# [Task prompt]
Your answer must be a word-for-word copy of the listing, with all pictures excluded.
Excerpted records: Begin
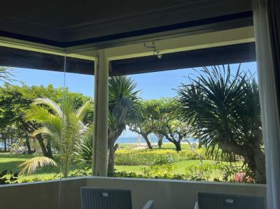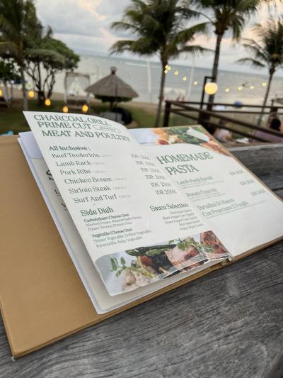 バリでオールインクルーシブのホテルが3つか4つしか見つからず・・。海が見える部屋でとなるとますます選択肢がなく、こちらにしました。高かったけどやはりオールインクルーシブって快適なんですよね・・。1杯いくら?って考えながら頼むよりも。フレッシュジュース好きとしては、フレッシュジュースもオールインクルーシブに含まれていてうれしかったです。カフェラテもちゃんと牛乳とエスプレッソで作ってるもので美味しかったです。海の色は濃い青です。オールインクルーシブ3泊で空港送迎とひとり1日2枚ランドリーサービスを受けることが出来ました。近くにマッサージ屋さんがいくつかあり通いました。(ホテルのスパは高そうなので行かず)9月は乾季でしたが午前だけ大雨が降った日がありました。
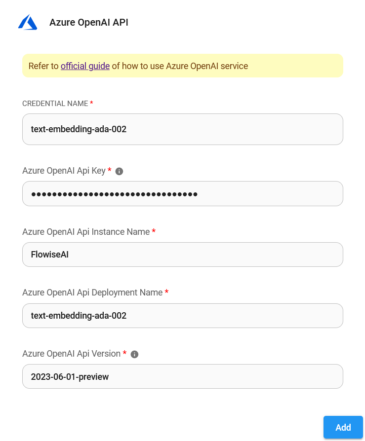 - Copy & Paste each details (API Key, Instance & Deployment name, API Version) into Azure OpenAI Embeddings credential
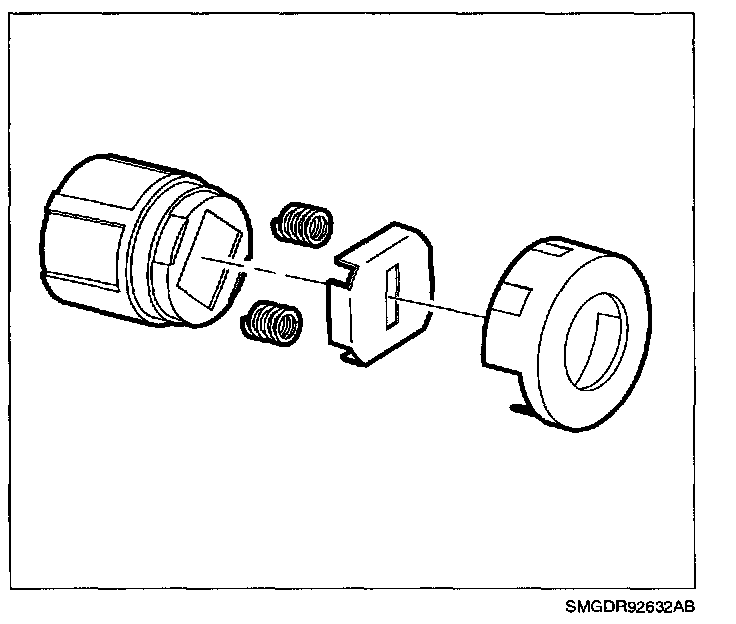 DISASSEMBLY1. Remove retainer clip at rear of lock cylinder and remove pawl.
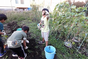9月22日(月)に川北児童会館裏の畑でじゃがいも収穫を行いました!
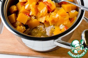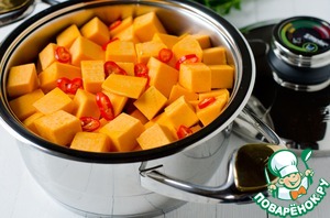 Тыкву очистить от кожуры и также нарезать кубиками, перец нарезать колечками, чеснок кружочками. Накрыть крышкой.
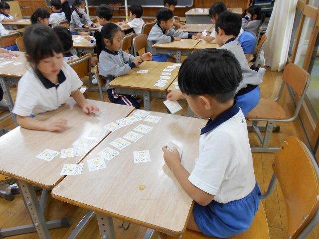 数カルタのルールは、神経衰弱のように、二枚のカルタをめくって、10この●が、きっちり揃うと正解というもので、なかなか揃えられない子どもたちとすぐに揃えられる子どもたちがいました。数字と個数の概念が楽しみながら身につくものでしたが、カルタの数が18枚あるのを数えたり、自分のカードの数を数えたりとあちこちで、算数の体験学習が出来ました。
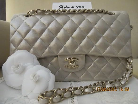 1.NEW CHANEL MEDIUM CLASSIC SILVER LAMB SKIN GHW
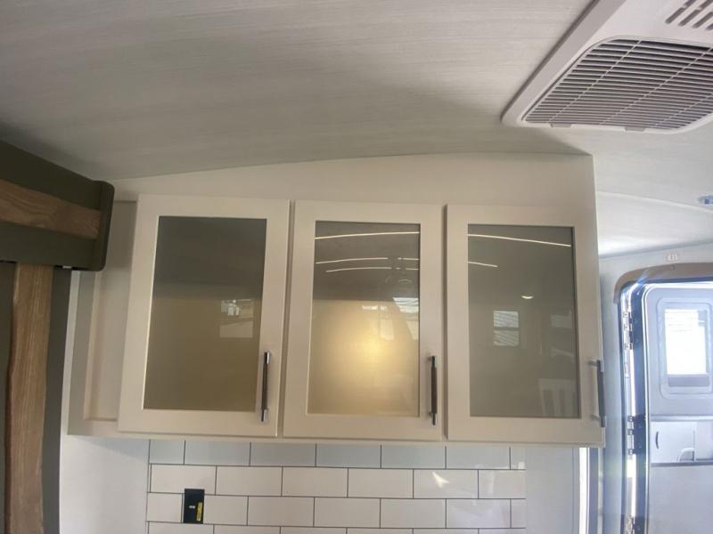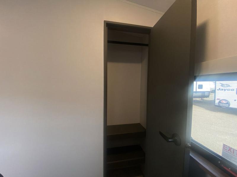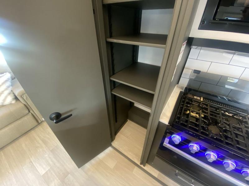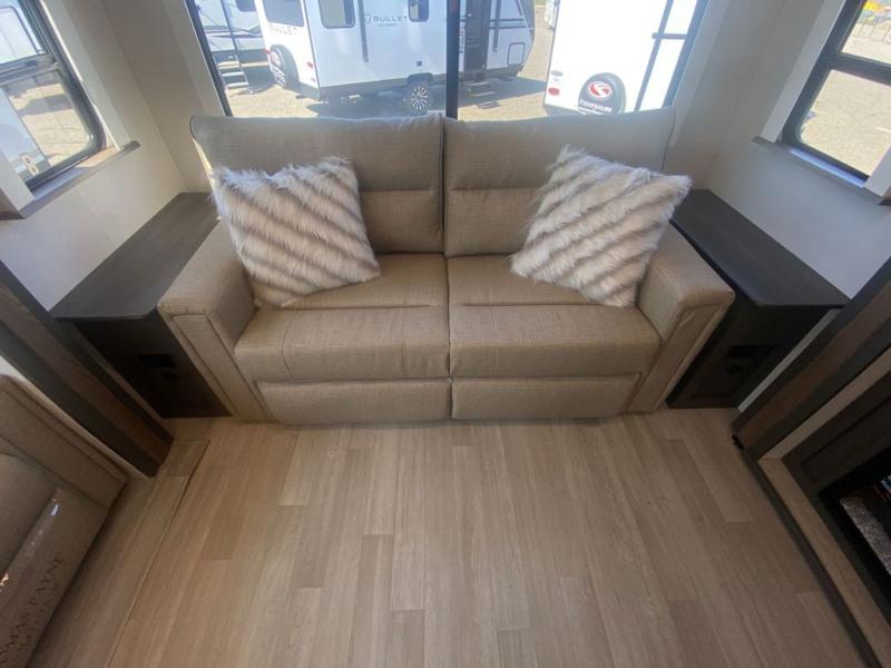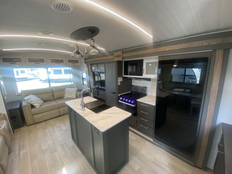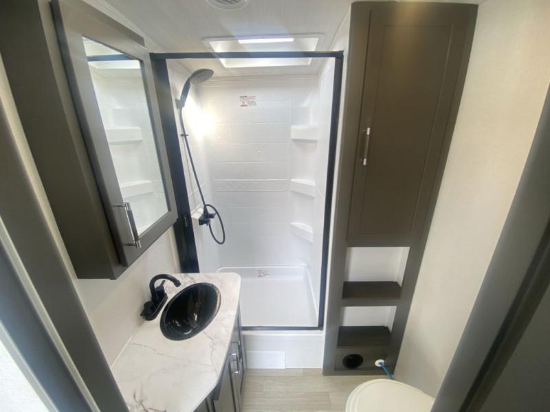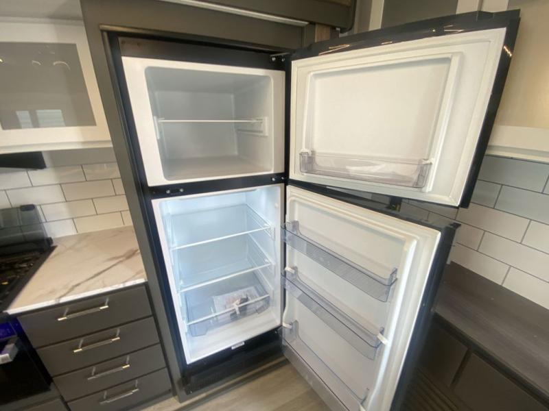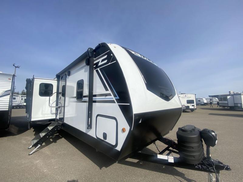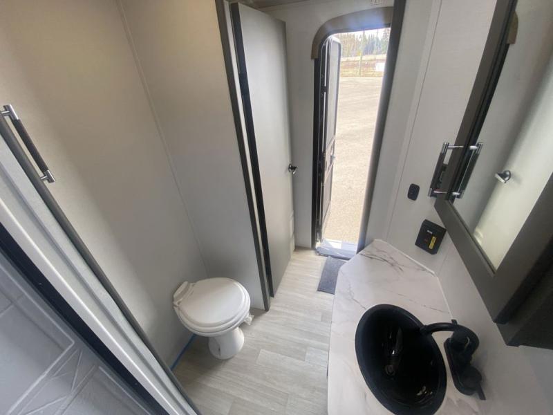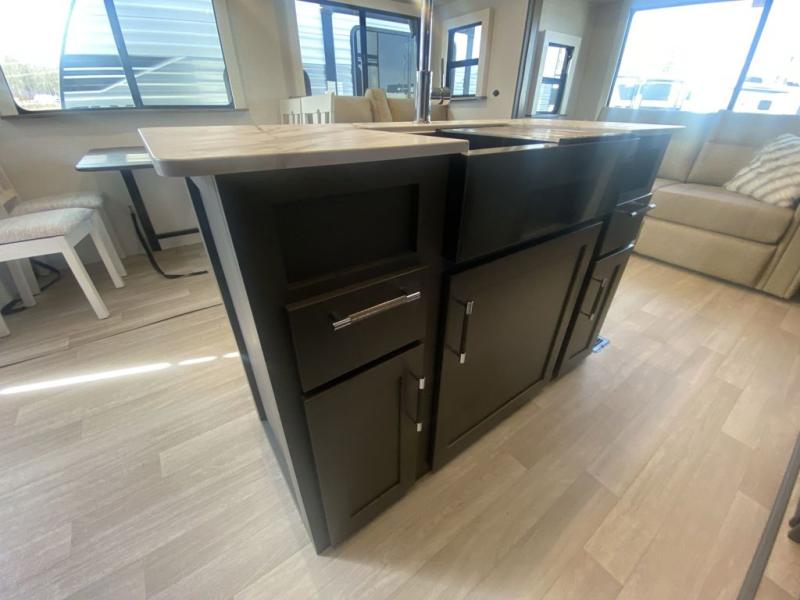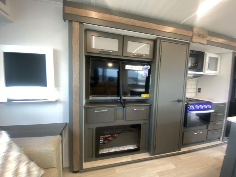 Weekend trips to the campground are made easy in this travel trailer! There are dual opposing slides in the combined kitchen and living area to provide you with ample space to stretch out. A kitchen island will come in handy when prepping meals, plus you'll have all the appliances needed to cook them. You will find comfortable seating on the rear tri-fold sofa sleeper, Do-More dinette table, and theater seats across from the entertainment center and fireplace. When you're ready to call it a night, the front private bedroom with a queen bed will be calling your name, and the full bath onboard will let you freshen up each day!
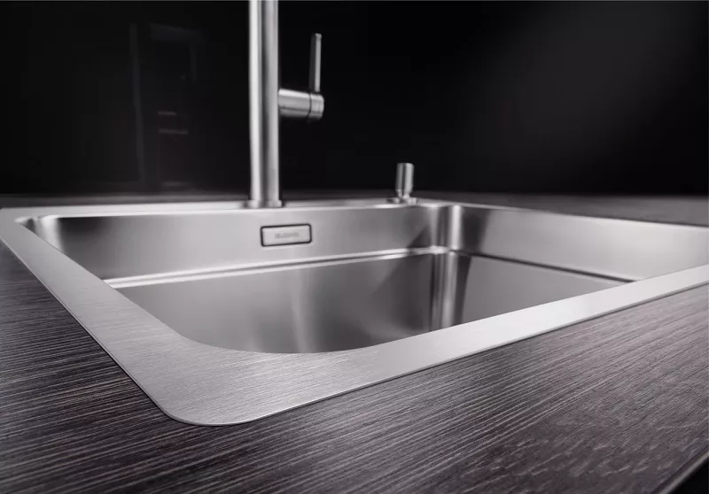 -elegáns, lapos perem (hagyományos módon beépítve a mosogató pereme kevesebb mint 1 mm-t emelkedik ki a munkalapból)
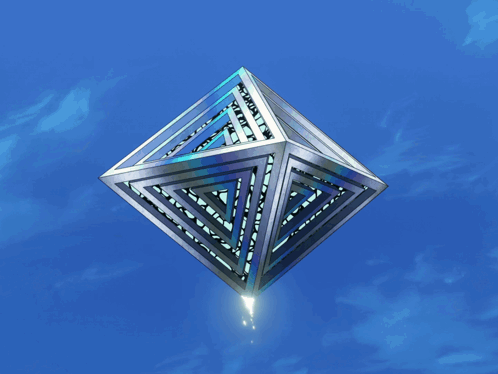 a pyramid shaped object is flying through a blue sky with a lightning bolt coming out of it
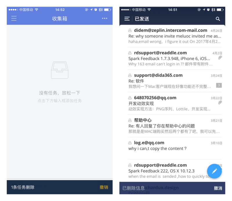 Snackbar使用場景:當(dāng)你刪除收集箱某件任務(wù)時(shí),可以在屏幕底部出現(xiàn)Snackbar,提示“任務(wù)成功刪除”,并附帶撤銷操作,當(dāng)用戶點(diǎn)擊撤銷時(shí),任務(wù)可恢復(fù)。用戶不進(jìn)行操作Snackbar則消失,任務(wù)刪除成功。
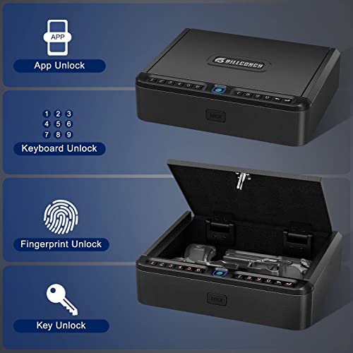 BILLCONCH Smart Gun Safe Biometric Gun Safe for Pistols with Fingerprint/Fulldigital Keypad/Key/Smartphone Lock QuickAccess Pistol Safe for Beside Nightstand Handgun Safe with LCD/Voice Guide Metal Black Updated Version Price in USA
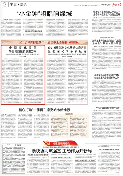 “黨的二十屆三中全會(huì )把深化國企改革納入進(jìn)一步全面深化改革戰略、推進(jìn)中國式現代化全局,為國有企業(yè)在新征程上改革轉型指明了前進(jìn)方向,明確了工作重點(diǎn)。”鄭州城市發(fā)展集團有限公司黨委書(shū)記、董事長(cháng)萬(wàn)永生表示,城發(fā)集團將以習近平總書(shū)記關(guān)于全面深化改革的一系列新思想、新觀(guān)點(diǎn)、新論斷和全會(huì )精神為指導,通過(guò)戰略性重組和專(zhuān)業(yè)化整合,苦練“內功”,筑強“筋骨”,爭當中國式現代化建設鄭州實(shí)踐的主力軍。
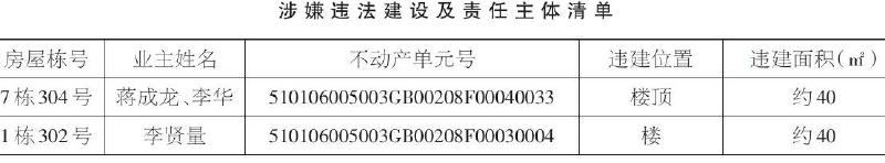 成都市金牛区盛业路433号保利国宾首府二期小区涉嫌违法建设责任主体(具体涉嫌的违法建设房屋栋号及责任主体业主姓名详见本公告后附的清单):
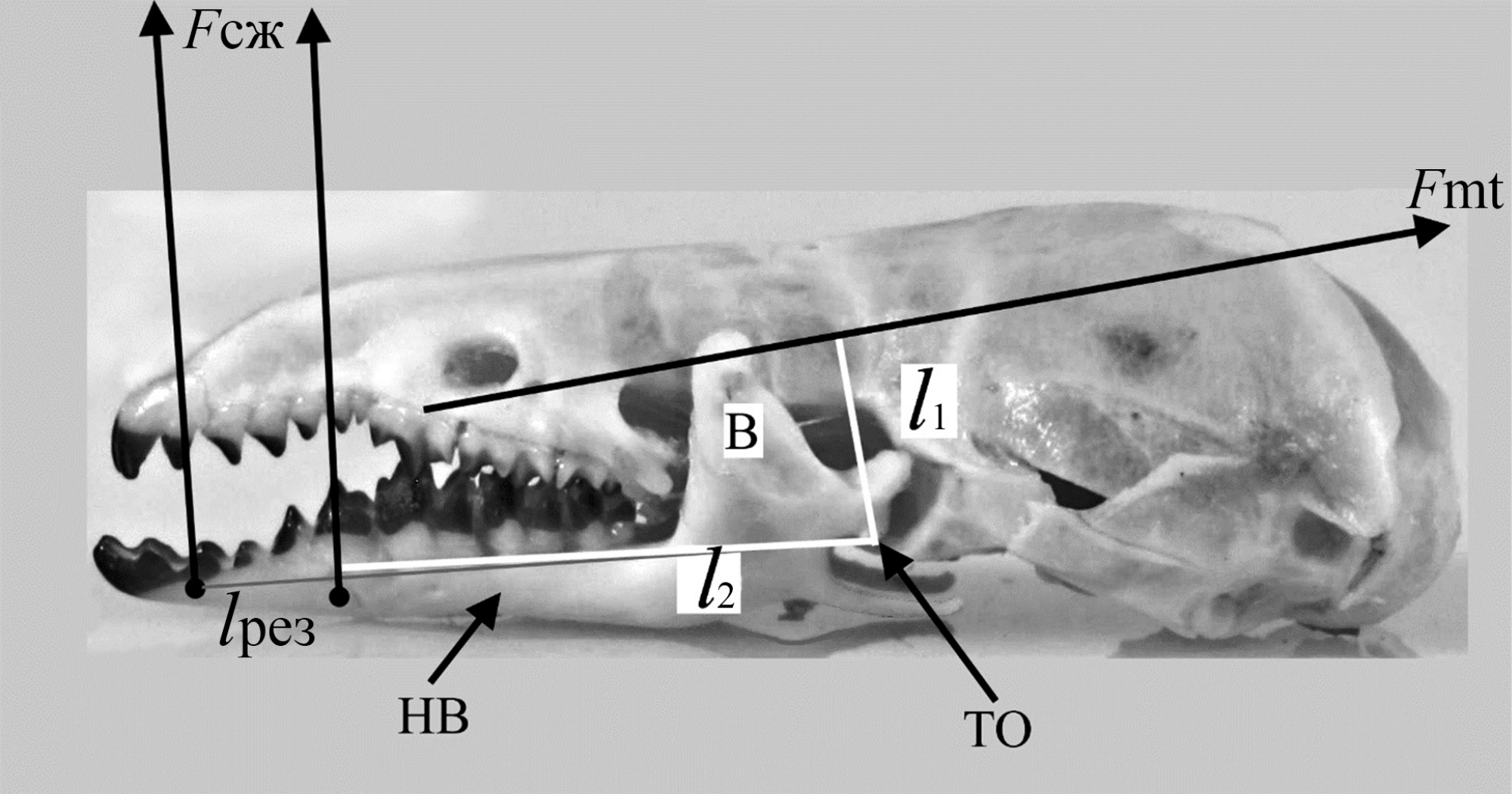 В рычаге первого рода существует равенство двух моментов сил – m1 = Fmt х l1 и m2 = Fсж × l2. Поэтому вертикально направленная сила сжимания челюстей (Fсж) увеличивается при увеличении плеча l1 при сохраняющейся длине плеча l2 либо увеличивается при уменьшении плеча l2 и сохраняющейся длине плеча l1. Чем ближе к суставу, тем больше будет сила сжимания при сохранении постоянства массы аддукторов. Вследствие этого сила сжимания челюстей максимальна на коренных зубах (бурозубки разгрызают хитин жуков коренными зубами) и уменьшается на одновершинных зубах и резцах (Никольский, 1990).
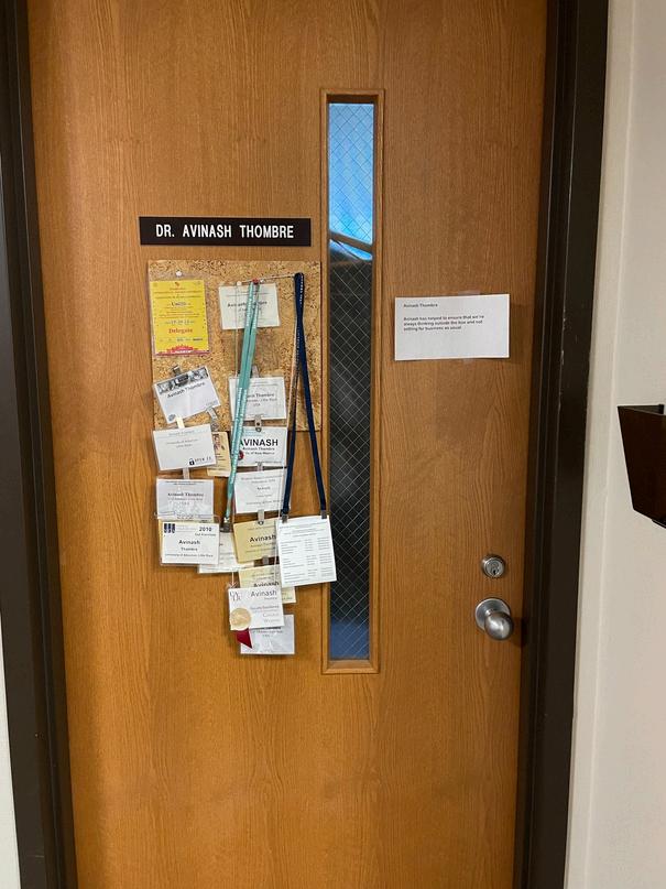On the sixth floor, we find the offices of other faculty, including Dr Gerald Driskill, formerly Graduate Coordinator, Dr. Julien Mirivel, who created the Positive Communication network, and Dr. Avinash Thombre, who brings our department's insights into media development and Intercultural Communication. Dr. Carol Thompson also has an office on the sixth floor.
Excerpted records: End
# [Answer section]
 バリでオールインクルーシブのホテルが3つか4つしか見つからず・・。海が見える部屋でとなるとますます選択肢がなく、こちらにしました。高かったけどやはりオールインクルーシブって快適なんですよね・・。1杯いくら?って考えながら頼むよりも。フレッシュジュース好きとしては、フレッシュジュースもオールインクルーシブに含まれていてうれしかったです。カフェラテもちゃんと牛乳とエスプレッソで作ってるもので美味しかったです。海の色は濃い青です。オールインクルーシブ3泊で空港送迎とひとり1日2枚ランドリーサービスを受けることが出来ました。近くにマッサージ屋さんがいくつかあり通いました。(ホテルのスパは高そうなので行かず)9月は乾季でしたが午前だけ大雨が降った日がありました。
 - Copy & Paste each details (API Key, Instance & Deployment name, API Version) into Azure OpenAI Embeddings credential
 DISASSEMBLY1. Remove retainer clip at rear of lock cylinder and remove pawl.
9月22日(月)に川北児童会館裏の畑でじゃがいも収穫を行いました!
 Тыкву очистить от кожуры и также нарезать кубиками, перец нарезать колечками, чеснок кружочками. Накрыть крышкой.
 数カルタのルールは、神経衰弱のように、二枚のカルタをめくって、10この●が、きっちり揃うと正解というもので、なかなか揃えられない子どもたちとすぐに揃えられる子どもたちがいました。数字と個数の概念が楽しみながら身につくものでしたが、カルタの数が18枚あるのを数えたり、自分のカードの数を数えたりとあちこちで、算数の体験学習が出来ました。
 1.NEW CHANEL MEDIUM CLASSIC SILVER LAMB SKIN GHW
 Weekend trips to the campground are made easy in this travel trailer! There are dual opposing slides in the combined kitchen and living area to provide you with ample space to stretch out. A kitchen island will come in handy when prepping meals, plus you'll have all the appliances needed to cook them. You will find comfortable seating on the rear tri-fold sofa sleeper, Do-More dinette table, and theater seats across from the entertainment center and fireplace. When you're ready to call it a night, the front private bedroom with a queen bed will be calling your name, and the full bath onboard will let you freshen up each day!
 -elegáns, lapos perem (hagyományos módon beépítve a mosogató pereme kevesebb mint 1 mm-t emelkedik ki a munkalapból)
 a pyramid shaped object is flying through a blue sky with a lightning bolt coming out of it
 Snackbar使用場景:當(dāng)你刪除收集箱某件任務(wù)時(shí),可以在屏幕底部出現(xiàn)Snackbar,提示“任務(wù)成功刪除”,并附帶撤銷操作,當(dāng)用戶點(diǎn)擊撤銷時(shí),任務(wù)可恢復(fù)。用戶不進(jìn)行操作Snackbar則消失,任務(wù)刪除成功。
 BILLCONCH Smart Gun Safe Biometric Gun Safe for Pistols with Fingerprint/Fulldigital Keypad/Key/Smartphone Lock QuickAccess Pistol Safe for Beside Nightstand Handgun Safe with LCD/Voice Guide Metal Black Updated Version Price in USA
 “黨的二十屆三中全會(huì )把深化國企改革納入進(jìn)一步全面深化改革戰略、推進(jìn)中國式現代化全局,為國有企業(yè)在新征程上改革轉型指明了前進(jìn)方向,明確了工作重點(diǎn)。”鄭州城市發(fā)展集團有限公司黨委書(shū)記、董事長(cháng)萬(wàn)永生表示,城發(fā)集團將以習近平總書(shū)記關(guān)于全面深化改革的一系列新思想、新觀(guān)點(diǎn)、新論斷和全會(huì )精神為指導,通過(guò)戰略性重組和專(zhuān)業(yè)化整合,苦練“內功”,筑強“筋骨”,爭當中國式現代化建設鄭州實(shí)踐的主力軍。
 成都市金牛区盛业路433号保利国宾首府二期小区涉嫌违法建设责任主体(具体涉嫌的违法建设房屋栋号及责任主体业主姓名详见本公告后附的清单):
 В рычаге первого рода существует равенство двух моментов сил – m1 = Fmt х l1 и m2 = Fсж × l2. Поэтому вертикально направленная сила сжимания челюстей (Fсж) увеличивается при увеличении плеча l1 при сохраняющейся длине плеча l2 либо увеличивается при уменьшении плеча l2 и сохраняющейся длине плеча l1. Чем ближе к суставу, тем больше будет сила сжимания при сохранении постоянства массы аддукторов. Вследствие этого сила сжимания челюстей максимальна на коренных зубах (бурозубки разгрызают хитин жуков коренными зубами) и уменьшается на одновершинных зубах и резцах (Никольский, 1990).
On the sixth floor, we find the offices of other faculty, including Dr Gerald Driskill, formerly Graduate Coordinator, Dr. Julien Mirivel, who created the Positive Communication network, and Dr. Avinash Thombre, who brings our department's insights into media development and Intercultural Communication. Dr. Carol Thompson also has an office on the sixth floor.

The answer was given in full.